Ironically, there is currently another economic theory of value that increasingly dominates economic/legal discourse, but it is not recognized as such. I am referring to the so-called Coase Theorem, which somehow manages to marry classical value theory to neoclassical theory to justify private takings (theft) within a capitalist society: whoever’s actions will maximize the utility of a property should the proper owner of that property.

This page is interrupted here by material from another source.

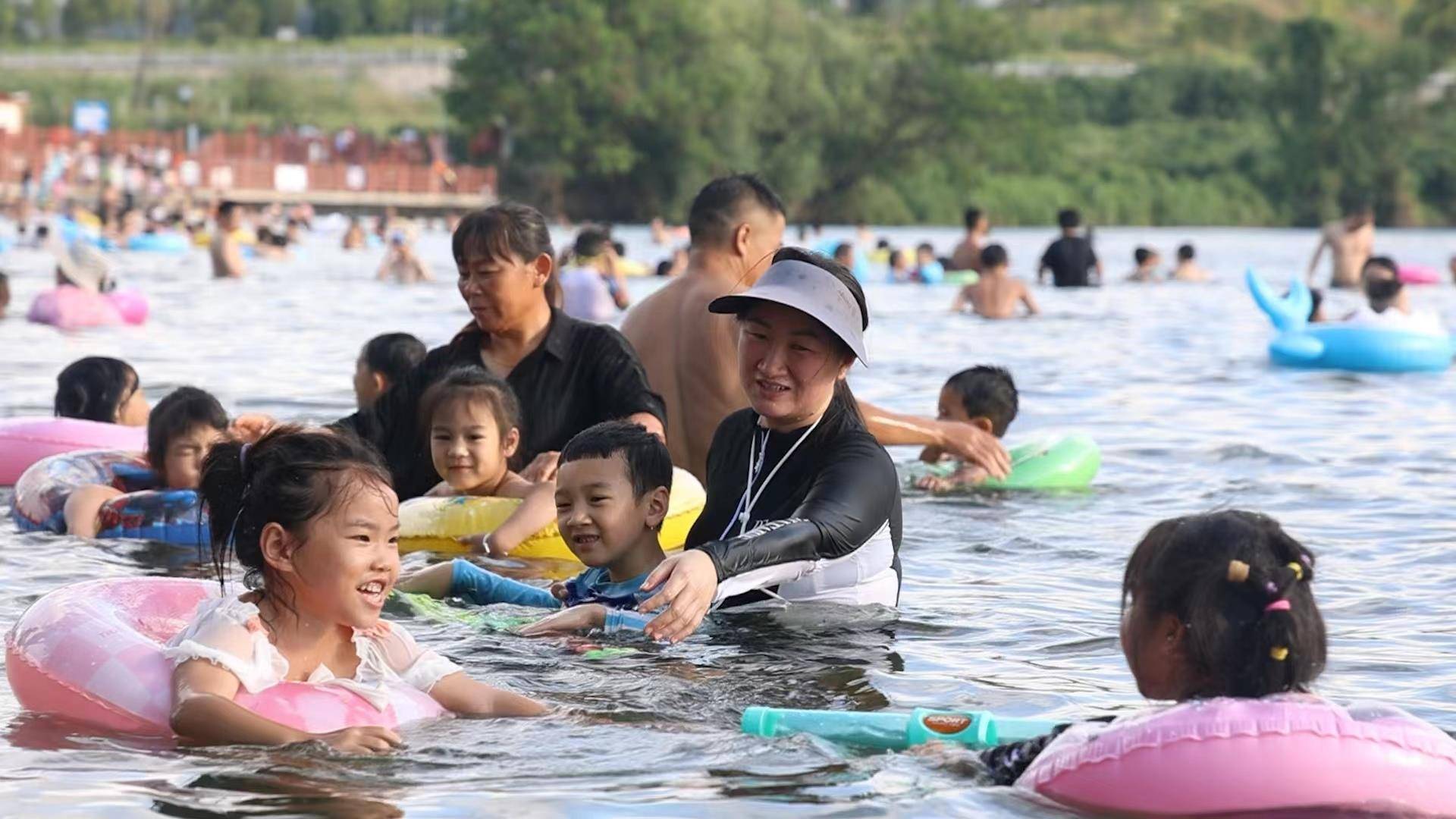 傍晚时分,贵头村鲤鱼坝开启了“下饺子”模式,这里水流平缓,河水清澈,俨然成为了一个天然浴场。家长们带着孩子穿上游泳装备,手拿水枪、游泳圈等各种水上道具,兴奋地在水中跳跃、游泳、打水仗,尽情享受戏水乐趣。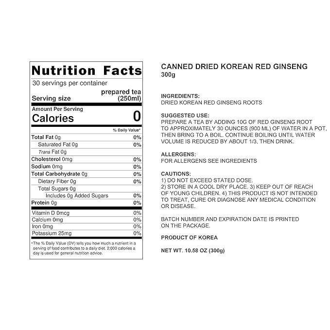 - Ingredient: 6 Years Red Ginseng 100% (Origin Korea, 34 roots)

GDP is not a theory of value. It is an econometric first developed and introduced by Simon Kuznets of the National Bureau of Economic Research in 1934 to measure the output of a society (not its citizens’ well-being) by its consumption. GDP was tailor-made to measure what a capitalist society does (while studiously ignoring debt and finance). Because GDP was never measured prior to 1934, the ability to accurately estimate GDP becomes more difficult (if not impossible) the farther back you go in time from 1934. Accordingly, I find historical GDP data to be of little value. (Also, one has to ask how capitalist societies would measure up using a metric that ignores what GDP measures.)
CasP’s “power theory of value” does not seek to justify or advocate the allocation of income, wealth and resources, which is why I argue it really isn’t a theory of value (other than “there is no such thing as value”).
Obviously, CasP’s “power theory of value” is not an econometric, either.
P.S. Consider picking up a copy of William Goetzmann’s Money Changes Everything. It may make you question whether modern capitalism is as historically unique as you seem to think it is, and to what extent it actually is, if it is. HINT: the primary difference between capitalism and prior finance-driven societies is that the only duties owed by individuals of a capitalist society as between one another are contractual and nominally, at least, entered into freely and without duress. Of course, how free are you when you need money before you can access “the market” (i.e., before you can participate in the society into which you were born)?
P.P.S. I have a working theory that major shifts in Western societies (I include the Middle East here) have all been accompanied by a major shift in attitude towards usury/finance. The Greek diaspora led by Alexander was due, in part, to debts accumulated from decades of war. Rome “collapsed” (really, its elites became the Catholic church) because debts grew faster than tribute from conquered lands could service those debts. The Catholic Church secured its own political power, in part, by outlawing usury, and protestant reformers quickly gained equal footing by “legalizing” usury. And the history of capitalism itself has been marked by pitched battles over the proper roll of finance within society.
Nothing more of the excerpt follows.